Instructions are issued to the VPA 122 in the form of Very Long Instruction Word (VLIW) microinstructions by a vector micro-coded controller (VMC) within the Instruction decode unit 150 of the HCU 120. The VMC is shown in more detail in FIG. 12, and includes an instruction decoder 181, which receives instruction information 180. The instruction decoder 181 derives an instruction addresses from received instruction information, and passes those derived addresses to an instruction descriptor store 182. The instruction descriptor store 182 uses the received instruction addresses to access a store of instruction descriptors, and passes the descriptors indicated by the received instruction addresses to a code sequencer 183. The code sequencer 183 translates the instruction descriptors into microcode addresses for use by a microcode store 184. The microcode store 184 forms multi-cycle VLIW micro-sequenced instructions defined by the received microcode addresses, and outputs the completed VLIW 186 to the sequencer 155 (FIG. 11) appropriate to the HFU being instructed. The microcode store can be programmed to expand such VLIWs into a long series of repeated vectorised instructions that operate on sequences of addresses in the VPU-PDM 132. The VMC is thus able to extract significant parallel efficiency of control and thereby reduce instruction bandwidth from the PPU SU 101.

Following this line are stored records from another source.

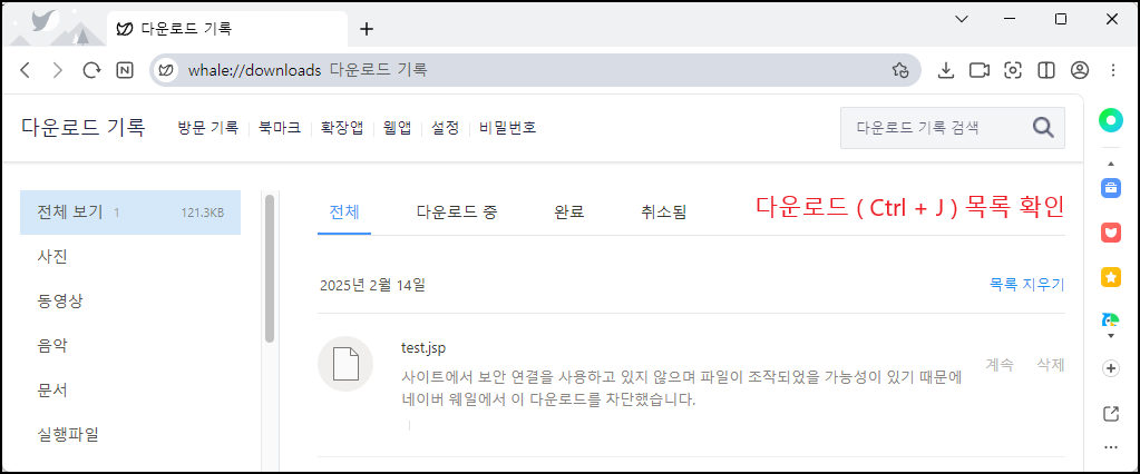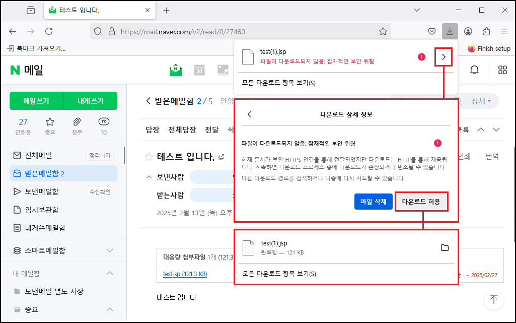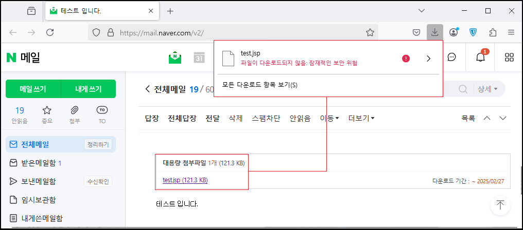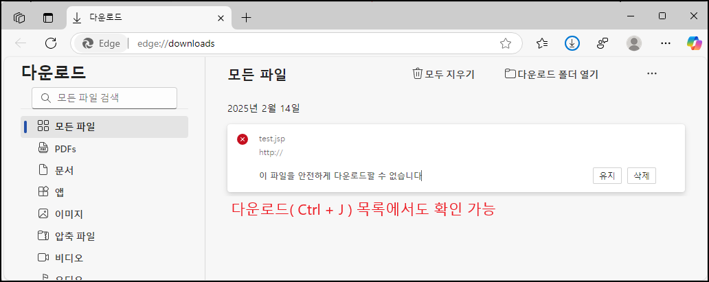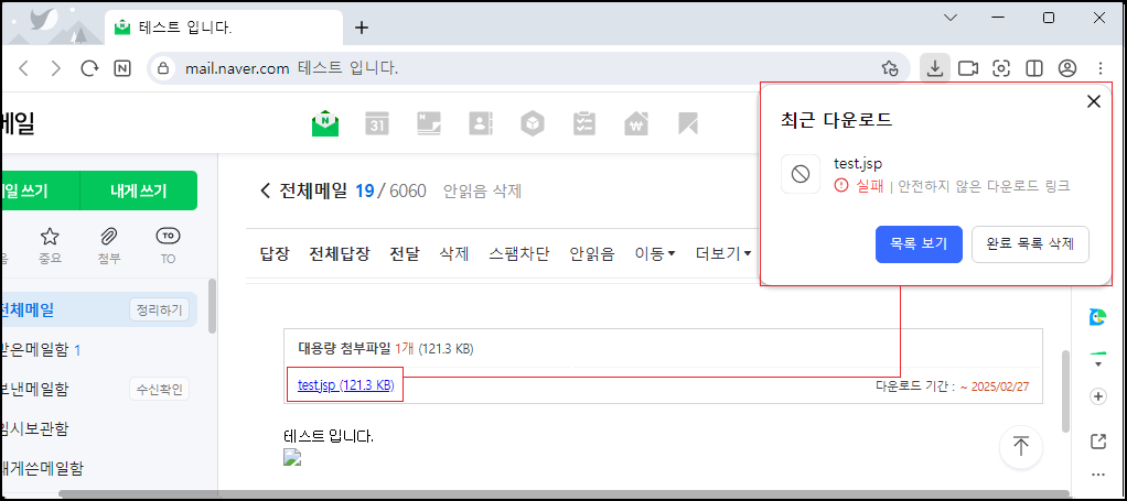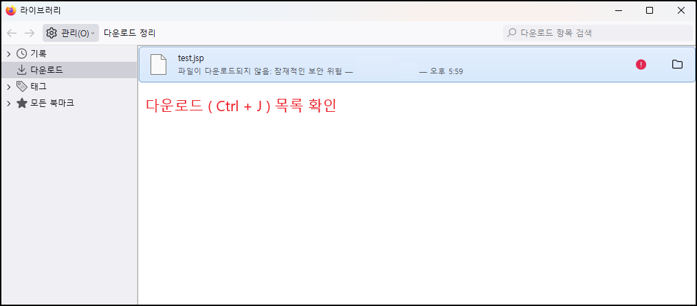 예전에는 경고 팝업창으로 「안전하지 않은 다운로드가 차단됨」이라는 메시지가 표시되었지만, 이제는 아예 아무런 반응 없이 완전히 차단되는 방식으로 보안 조치가 강화된 것으로 보입니다. 이렇게 처리되면 다운로드 기록(Ctrl +J)에도 남지 않아, 수신자는 자신이 이용하는 웹사이트나 메일 서비스에 문제가 있다고 오해하기 쉬운 상황이 발생합니다. (우리 문제가 아닌데, 억울해서 남김...)
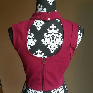 Mock neck w/ metallic gunmetal grey buttons Gunmetal grey zipper on backside
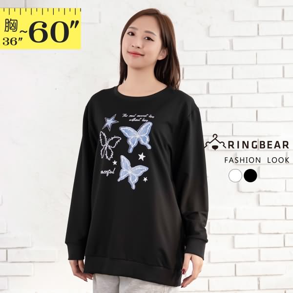 【X689】浪漫告白荊棘線條蝴蝶英字印圖圓領長袖大學T
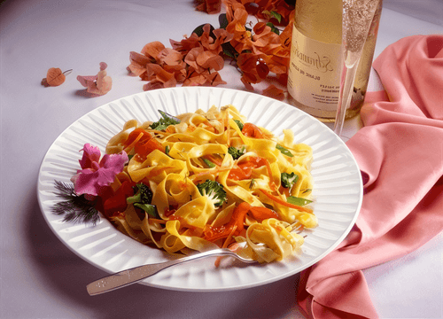 Vermicelli with chili, broccoli, and mango is a delightful blend of Italian cuisine with exotic notes. Thin, delicate strands of egg vermicelli harmoniously intertwine with crunchy broccoli florets, creating a balance of textures. Bright pieces of green mango add a light sweetness while spicy chili brings a zesty heat. Fresh cilantro and sesame oil enhance the dish with a rich aroma. It’s perfect for a light lunch or dinner, delighting with its freshness and contrasting flavors. This recipe is a find for lovers of bold culinary experiments as it combines tradition and innovation, making familiar ingredients unusually expressive.
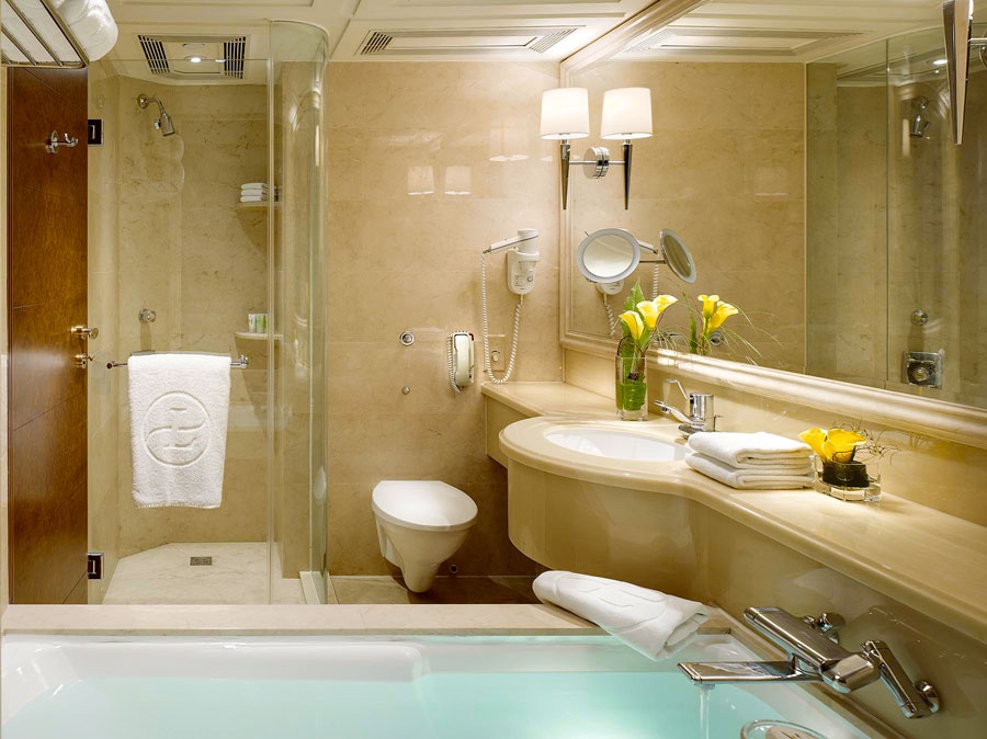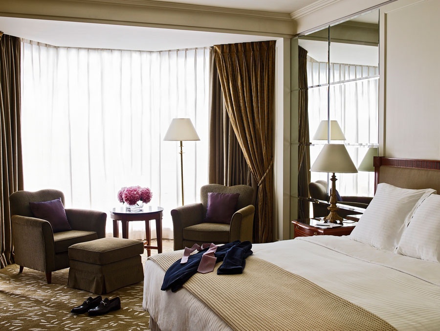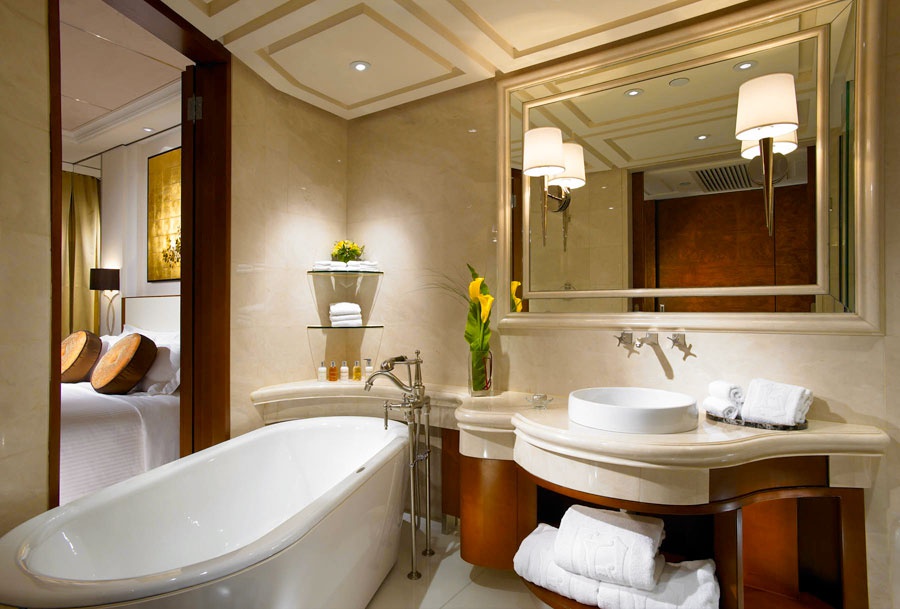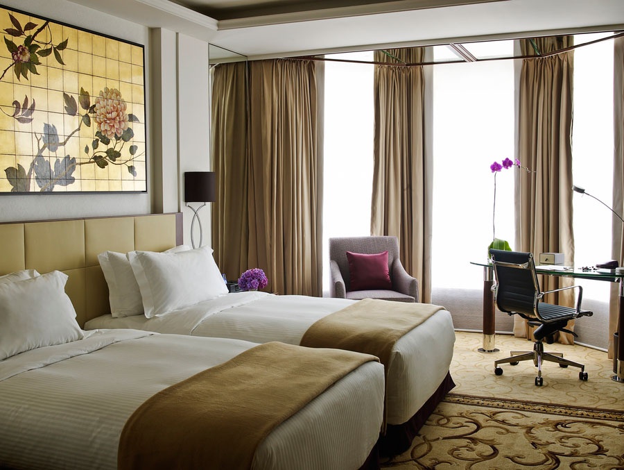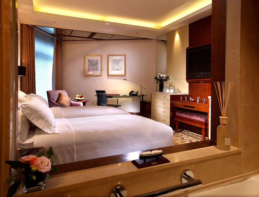 Grand Langham Room: 33 м2; складається з спальні з двоспальним ліжком або двома односпальними ліжками, відкритою ванною кімнатою з розсувними дверима.

In order to ensure that instructions for a specific HFU only execute on data after the previous computation or after a DMA operation has terminated, a selection of synchronous status signals (SS Signals) are provided that are used indicate the status of execution of each HFU to other HFUs. These signals are used to start execution of an instruction that has been halted in another HFU's instruction dispatch FIFO buffer. Thus, one HFU can be caused to await the end of processing of an instruction in another HFU before commencing its own instruction dispatch and processing.

The selection of which synchronous status to use is under program control, and the status is passed as one of the parameters with the instruction for the specific HFU. In each HFU controller, all the synchronous status signals are input into a selectable multiplexer unit to provide a single internal control to the HFU sequencers. Similarly, the sequencer outputs an internal signal, which is selected to drive one of the selected synchronous status signals. These selections are part of the HPU program.

This allows many instructions to be dispatched into HFU dispatch FIFO buffers ahead of the execution of that instruction. This guarantees that each stage of processing will wait until the data is ready for that HFU. Since the vector instructions in the HFUs can last many cycles, it is likely that the instruction dispatch time will be very short compared to the actual execution time. Since many instructions can wait in each HFU dispatch FIFO buffer, the HFUs can optimally execute concurrently without the need for interaction with the SU 101 or any other HFU, once instruction dispatch has been triggered.

A group of synchronous status signals are connected into the SU 101 both via interrupt mechanisms via an HPU Status (HPU-STA) 151 or via External Synchronous Signals 153. This provides synchronisation with SU 101 processes and the HFUs. These are collectively known as SU-SS signals.

Another group of synchronous status signals are connected to the SDN Network and PSN network interfaces. This provides synchronisation across the SoC such that system wide DMAs can be made synchronous with the HPU. This is controlled in controller HFC 153.

Another group of Synchronous Status Signals are connected to programmable timer hardware 153, both local and global to the SoC. This provides a method for accurately timing the start of a processing task and control of DMA of data around the SoC.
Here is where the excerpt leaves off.